Three studies showed a connection between pCS, oxidative stress and endothelial dysfunction (Figure 5B). Not only AGEs, as discussed above, but also pCS binds to RAGE, thereby activating NF-κB signaling in endothelial cells and as such decreasing KLF2 expression [30]. pCS stimulation of endothelial cells also resulted in NADPH oxidase-mediated ROS formation, independent of RAGE, and mainly mediated by free pCS rather than protein-bound pCS. Especially in human aortic SMCs the effect appeared to be induced by free pCS, as the addition of albumin reduced the effect by 90% [53]. pCS accumulates in the kidney via the organic anion transporters (OAT) receptor [92]. pCS was also shown to be absorbed by vascular endothelial and smooth muscle cells via OAT and subsequently enhanced expression of NOX-4, a component of NADPH oxidase. This triggered endothelial MCP-1 expression in vascular SMCs, as well as upregulated the expression of alkaline phosphatase (ALP) as early phenotypic marker of osteoblast differentiation [53]. Furthermore, an increase in intracellular pCS via OAT is directly associated to osteogenic SMC differentiation, as shown by high expression of other osteoblast-specific proteins osteopontin (OPN) and core-binding factor alpha 1 (CBFA1) as well as activation of ALP. In pCS-treated 5/6-nephrectomized rats this connection of MCP-1 levels in serum, vascular OPN expression, and vascular ALP activity accompanied by the induction of NOX-4 expression could be confirmed [53]. Moreover, Jing et al. confirmed the pCS-induced increase of NOX-4 via ROS in endothelial and smooth muscle cells in vivo and in vitro and in addition showed an increase in NOX-1 and p22phox, proteins involved in ROS production [52].

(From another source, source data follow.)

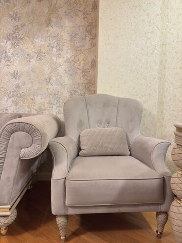 - Dizayn: klassik-royal stil, bükülü qol dayaqları, kapitone tipli vurğular, qızılı haşiyələr; divan və kreslolar eyni stilistikada.
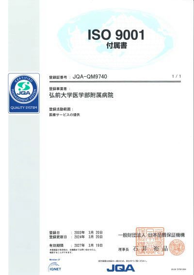 本院は、2004年6月にISO9001の認証取得を目標に掲げ、同年7月から取り組みを開始し、2005年4月8日にISO9001の認証を取得しました。
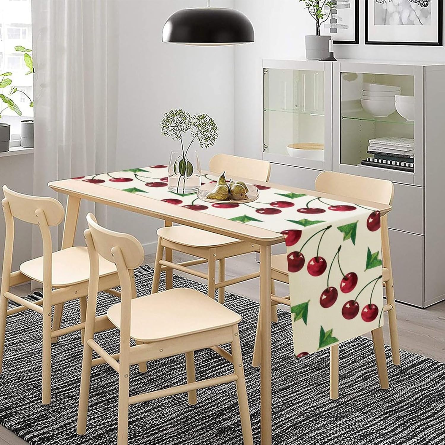 Red Cherry Table Runner Watercolor Tropical Fruit Spring Summer Wild Berry Dinner Runner for Girl Baby Party Holiday Home Kitchen Dining Table Decor 13x108
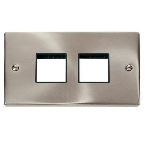 CLICK SATIN CHROME MINIGRID 4-MODULE 2+2 TWIN SWITCH PLATE (BLACK INS)
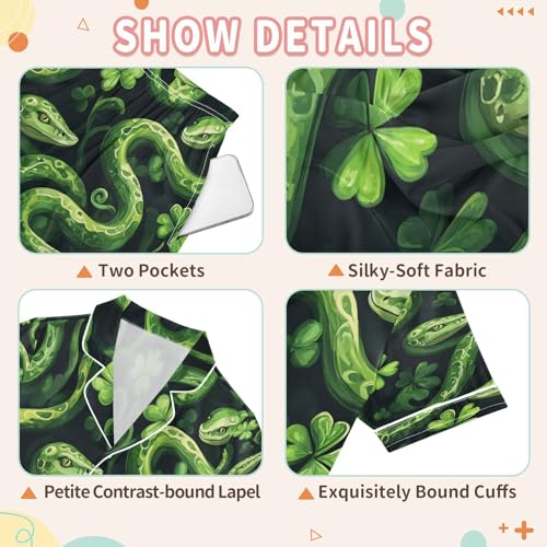 Satin Pajama Sets Short Sleeve Green Snakes Pattern Button Down Silky Nightwear 2 Piece PJS 5-14Y 4
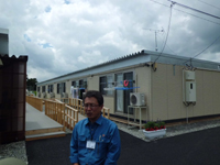 南三陸町に6月から来年3月末まで派遣されている兵庫県都市政策課松浦課長補佐は、町建設課で業務を行っています。8月までは仮設住宅の建設・入居を進め、それ以降はまちづくりのための復興計画策定に携わる予定です。松浦課長補佐は震災発生直後にも一度南三陸町に派遣されており、今回が2回目の派遣です。「第2のふるさとを復興させる思いで頑張りたい」と話しています。 |
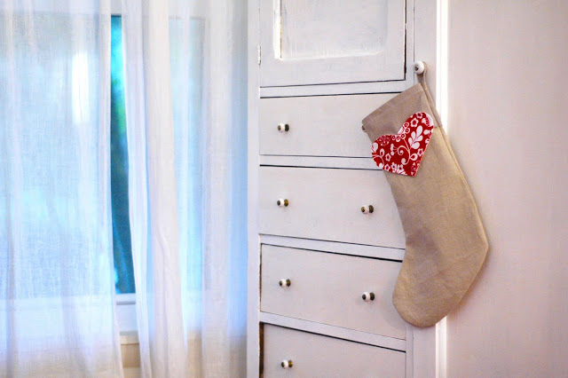 I’m passing this one off to a new crafting friend who is collecting them from several nearby crafters. I printed this stocking pattern suggested by said new friend and put some scraps Adrianna had passed on to me almost two years ago to use. The linen and striped fabrics are left over from Liam’s quilt and bumper, and the red and white fabric is one that Adrianna had fused fleece to to make ornaments. I love a fused fabric. No need to do anything to the edges. Just topstitched it on there.
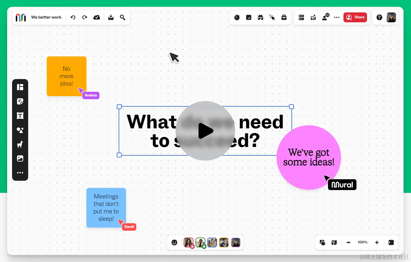 Mural是一款革命性的协作应用程序,包括无限和可调整大小的画布选项,让你选择适合合作目标的理想画布 - 灵活而无边界。你可以通过Noun Project、GIPHY和Unsplash集成以视觉方式表达你的想法,或者通过粘贴便条或文本框提出想法、行动项等,然后更改颜色并进行集群以揭示趋势或解决方案。
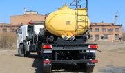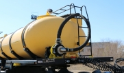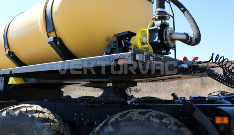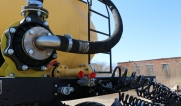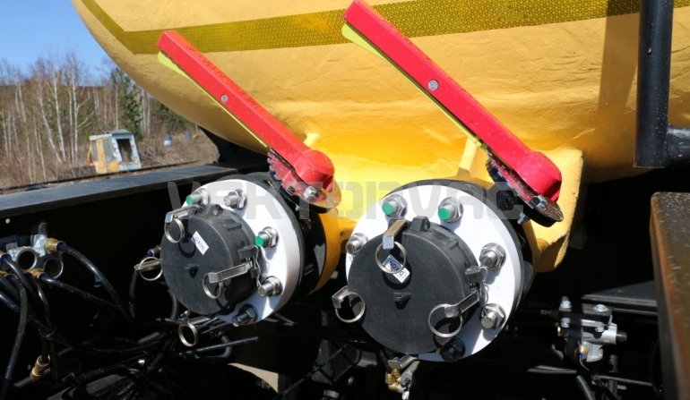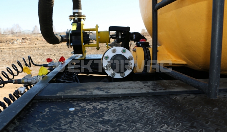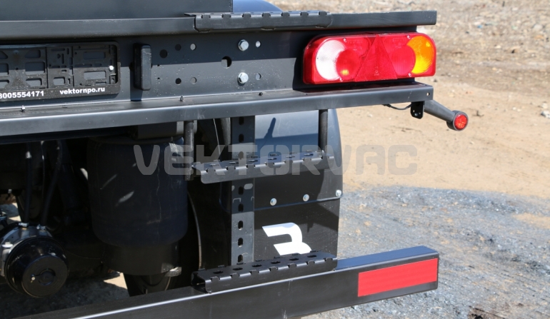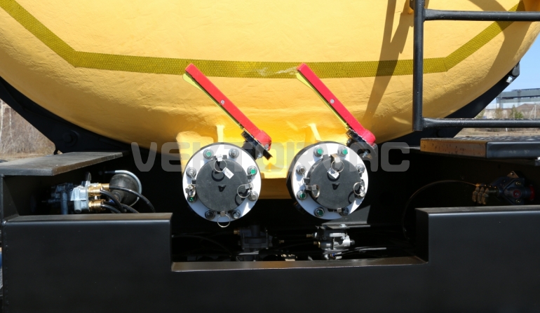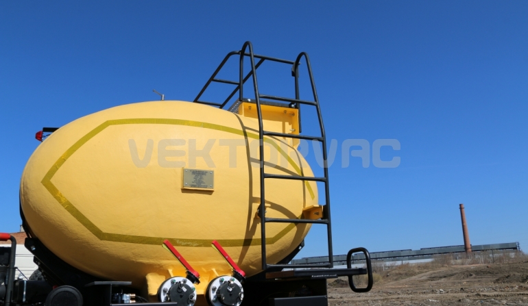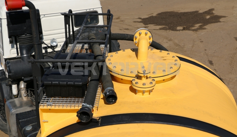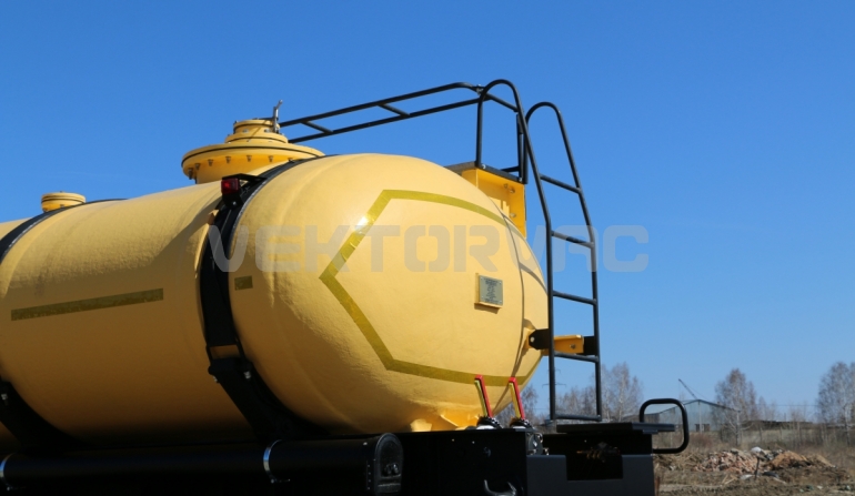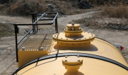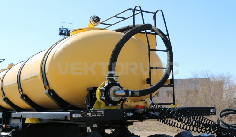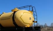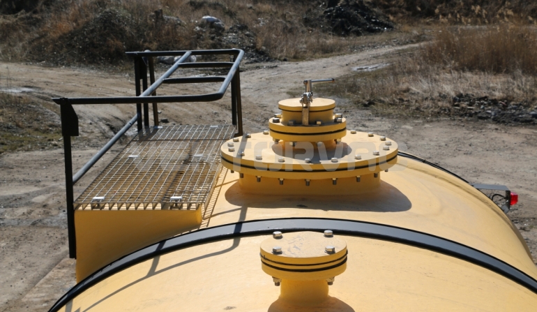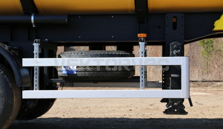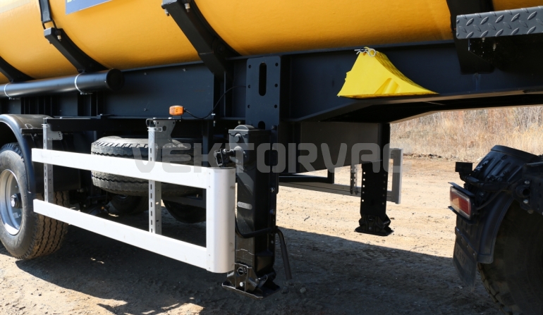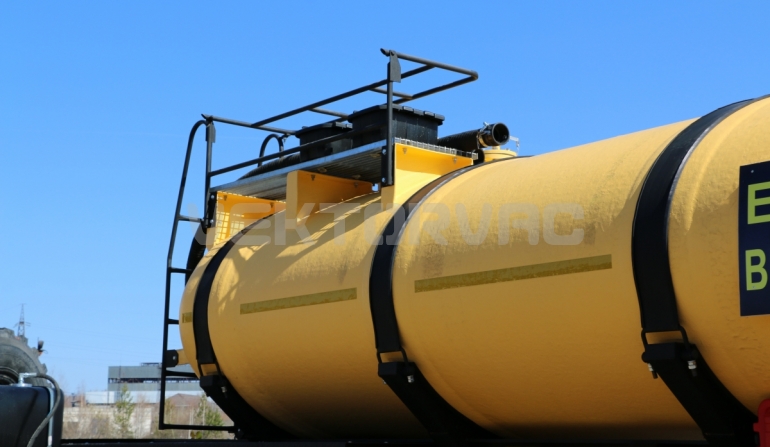 Удобная площадка обслуживания со складными алюминиевыми перилами и настилом из просечного листа препятствующего скольжению, закреплена на раме полуприцепа, что позволяет избежать дополнительной нагрузки на емкость и сохранить целостность обечайки.
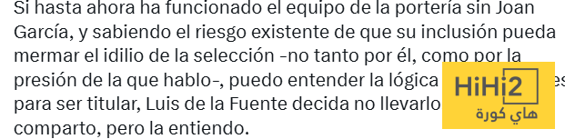 إذا كان أداء حراس المرمى في المنتخب الإسباني جيدًا حتى الآن بدون خوان غارسيا ، ومع العلم باحتمالية أن يؤثر وجوده سلبًا على انسجام الفريق – ليس بسببه تحديدًا ، بل بسبب الضغط الإعلامي الذي يصاحبه الآن – فأنا أتفهم منطق لويس دي لا فوينتي في عدم استدعائه إذا لم يكن من المتوقع أن يكون الحارس الأساسي . لا أتفق مع هذا القرار، لكنني أتفهمه .

pCS also affected leukocyte adhesion and migration. Increases in NOX-1, NOX-4 and p22phox by pCS led to higher levels of MCP-1, TNF-α, ICAM, VCAM as well as E-Selectin in endothelial cells in vitro, with increased expression of these pro-inflammatory chemokines and adhesion molecules also confirmed in aortic tissue of ApoE−/− mice with CKD and pCS treatment [52]. In hemodialysis patients, pCS was shown to be an independent risk factor for the presence of carotid atherosclerotic plaque [52]. Furthermore, in hemodialysis patients, the increase in free and total p-cresol was reported to correlate with the number of endothelial microparticles (EMPs) and shed EMPs. In vitro, the Rho kinase pathway was shown to be mediating this increase in shed EMPs and EMP numbers in response to both p-cresol and pCS as well as uremic serum [54].

Finally, Garcia-Jerez et al. showed that in addition to uremic serum and IS, also p-cresol induced ROS-mediated apoptosis of endothelial cells. However, similarly as shown for IS, p-cresol also triggered a protective feedback mechanism by activating integrin-linked kinase (ILK) via an unknown pathway [31], thereby upregulating AKT phosphorylation at Ser471 and as such counteracting p-cresol-induced ROS and apoptosis [31].

3.3.5. Phosphate Reduces NO Production and Triggers Inflammation in Vascular Cells

In CKD patients serum phosphate levels are increased and associated with increased cardiovascular risk and mortality [93,94]. Hyperphosphatemia (>3 mM) is associated with inflammation and oxidative stress and contributes to endothelial dysfunction as well as to calcium deposition in SMCs [55,57,95,96].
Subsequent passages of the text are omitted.